[Haskell-cafe] containers license issue

Mike Meyer mwm at mired.org
Mon Dec 17 16:45:57 CET 2012


Ketil Malde <ketil at malde.org> wrote:
>In particular when copyright is concerned, I believe that verbatim
>copying in many cases will require a license to the original work, but
>merly examining the original work to make use of algorithms, tricks,
>and
>structures from it will not.

If you don't actually copy any of the text in the latter case, that would be correct. But there's an incredible amount of grey between those two extremes of black and white, and it's possible that you've unintentionally recreated significant bits of the original.

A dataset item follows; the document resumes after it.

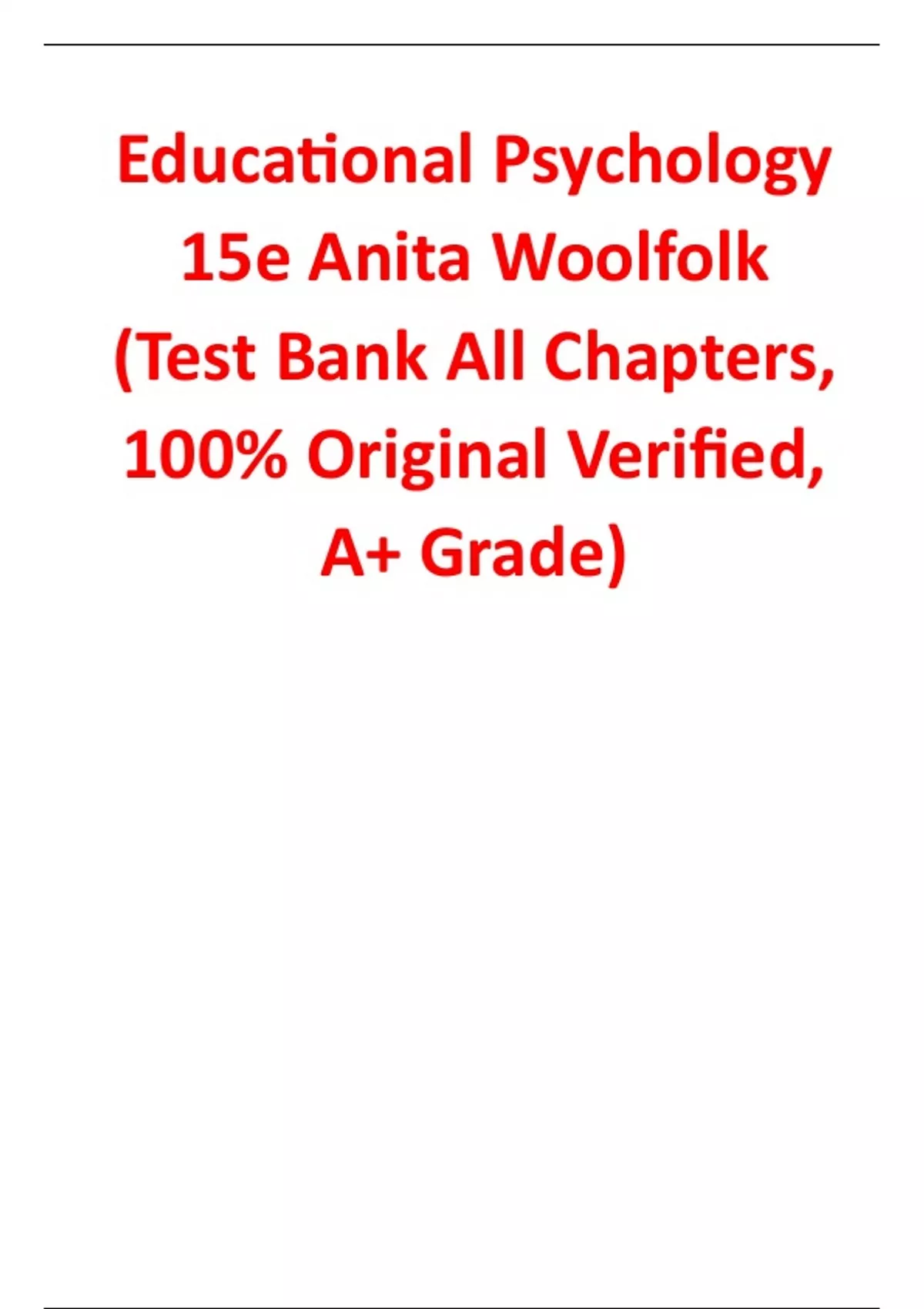 Test Bank For Educational Psychology 15th Edition By Anita Woolfolk (All Chapters, 100% Original Verified, A+ Grade) Test Bank For Educational Psychology 15e By Anita Woolfolk (All Chapters, 100% Original Verified, A+ Grade)
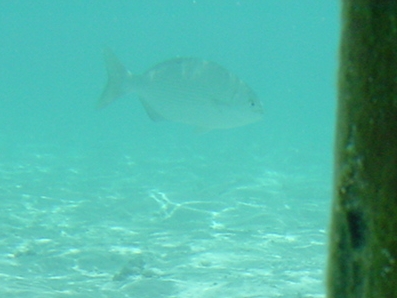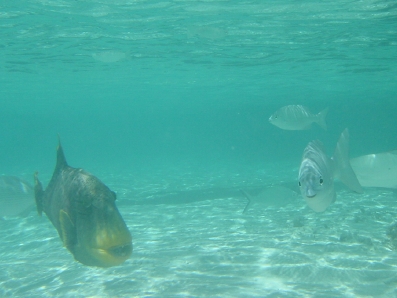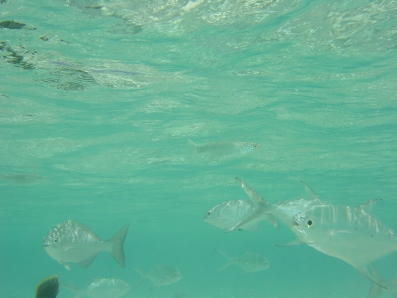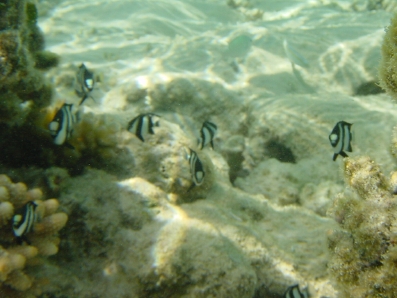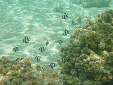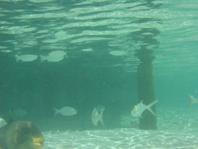 左下に写ってるモンガラは,ほぼ毎日,水上コテージ周辺に来ました。 エサをおねだりするお茶目なヤツです♪ 尾がV字のヤツがコバンアジです。

The Oracle/Google lawsuit was all about those shades of grey - some of the API's in Dalvik were implemented by people who had read the Java sources. Oracle claimed as much as possible was derivative, Google that none of it was. The judge ruled that some uses were infringing and some uses were not. This was a technically literate judge - he ruled that one of the cases was non-infringing because he could trivially implement the function in Java himself.

The lawyer who pointed out the possible infringement here isn't really worried about losing such a lawsuit - there are lots of ways to deal with that short of actually releasing any sources they consider proprietary. They want to avoid the lawsuit *at all*, as that will almost certainly be more expensive than losing it. At least, that's what I hear from clients who ask me not to include GPL'ed software.